Lucas A. Lane, the Lifenergy Associate Professor of Biomedical Engineering, has recently published a pioneering report on how employing knowledge of physical phenomena allows researchers to develop rationally design nanoparticles that can overcome current limitations of nanomedicine. The manuscript entitled, “Physics in nanomedicine: Phenomena governing the in vivo performance of nanoparticles” was published in the journal Applied Physics Reviews (IF=17.054). https://aip.scitation.org/doi/full/10.1063/1.5052455
Nanomedicine is a flourishing field with strong potential to offer better patient outcomes than current standards of care. In particular, nanoparticles can provide increased delivery efficiencies of therapeutic and diagnostic agents to cancerous tumors while decreasing healthy tissue accumulation. Conventional small molecule therapeutics and imaging agents, on the other hand, tend to distribute nonselectively among all tissues. In many cases, though, nanomedicine has provided mediocre improvements over small molecule compounds in terms of patient survival and care. Advancing nanomedicine far beyond marginal gains will require understanding and overcoming a series of physiological and technical obstacles. Physical phenomena governing the performance of nanoparticles encountering these physiological barriers remain poorly understood, and the nanomedicine field lacks an in-depth description of physical principles to guide rational nanoparticle designs to overcome biological obstacles. This work aims to provide the lacking description of physical phenomena present in nanomedicine.
One important concept presented in the manuscript is using a thermodynamic description to gain insight into how to prevent nonspecific protein adsorption on blood circulating nanoparticles. When proteins adsorb onto particles, they are signaled for removal by immune system organs, thus preventing these particles from locating to their intended target. Free energy diagrams of the nanoparticle protein interaction can indicate whether a particle is thermodynamically favored to resist protein adsorption (Figure 1). To prevent proteins from adsorbing to the particle surface requires the depths of the wells in the free energy curve to be comparable or smaller than the thermal energy. Creating energetic barriers to prevent protein adsorption can be accomplished by densely packing highly hydrophilic polymers or packing molecules that have a stronger attraction to water than proteins.
Figure 1. (a) Schematic illustration of the interparticle distance, d, defined as the distance from the nanoparticle surface to the protein surface. (b) A plot of a typical potential energy curve between a nanoparticle and a protein molecule, with the prominent features highlighted and discussed in the main text. (c) Potential energy plot of a particle with a deep primary energy well for adsorption and a small barrier for protein adsorption, leading to extensive protein adsorption that is thermodynamically stable. (d) Potential energy plot of a nanoparticle with a small primary well and a high-energy barrier for protein adsorption, leading to protein adsorption that is thermodynamically unstable. Note that even particles that are resistant to protein adsorption may still exhibit a secondary minimum; however, the adsorption states are short-lived as the potential well is close to the thermal energy.
The work also proposed a method to overcome the limited diffusion of particles into tumors with dense cellular networks by utilizing the process of transcytosis. In transcytosis, particles move through the tumor via a series of endocytotic and exocytotic events and are passed from cell to cell (Figure 2). Utilizing the transcytosis pathway may be the key to treating cancers known for poor drug penetration, such as pancreatic adenocarcinoma, which has particularly high death rates. By dimensional analysis carried out in the article, transcytosis seems to be even more critical as tumors increase in size.
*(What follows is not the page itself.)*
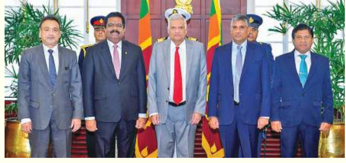
உயர் நீதிமன்ற நீதியரசர் ஒருவர் உட்பட மூவர் நேற்று காலை ஜனாதிபதி ரணில் விக்கிரமசிங்க முன் னிலையில் பதவிப்பிரமாணம் செய்துகொண்டனர். அதன்படி, மேன்முறையீட்டு நீதிமன்றத்தின்

Figure 2. (Left) In cases of tumors with high cellular density, it may be possible for particles to penetrate the tumor by being passed from cell to cell through a series of transcytotic events. (Right) The process of transcytosis through a cell where the particle is endocytosed, travels inside the cell within an endocytotic vesicle, then is exocytosed from the cell at a different location than the site of endocytosis.
Other concepts presented in the paper include the tradeoffs and targeting specificity of various actively targeted nanoparticle designs using statistical mechanical descriptions, and how nanoparticle size and porosity of tumors affect the transport of nanomedicine in tumors using fluid mechanics models. This work aims to provide more in-depth knowledge of the physical phenomena involved in the in vivo performance of nanomedicine to aid researchers in developing rationally designed constructs that overcome several biophysical barriers present in drug delivery and imaging. As more barriers are adequately addressed by future generations of nanoparticle designs, more favorable clinical outcomes may be attained.
Lucas A. Lane is an Associate Professor in the Department of Biomedical Engineering within the College of Engineering and Applied Sciences. The research was supported by the National Natural Science Foundation of China, the 1000 Global Talents Recruitment Program of China, and startup funding provided by Nanjing University.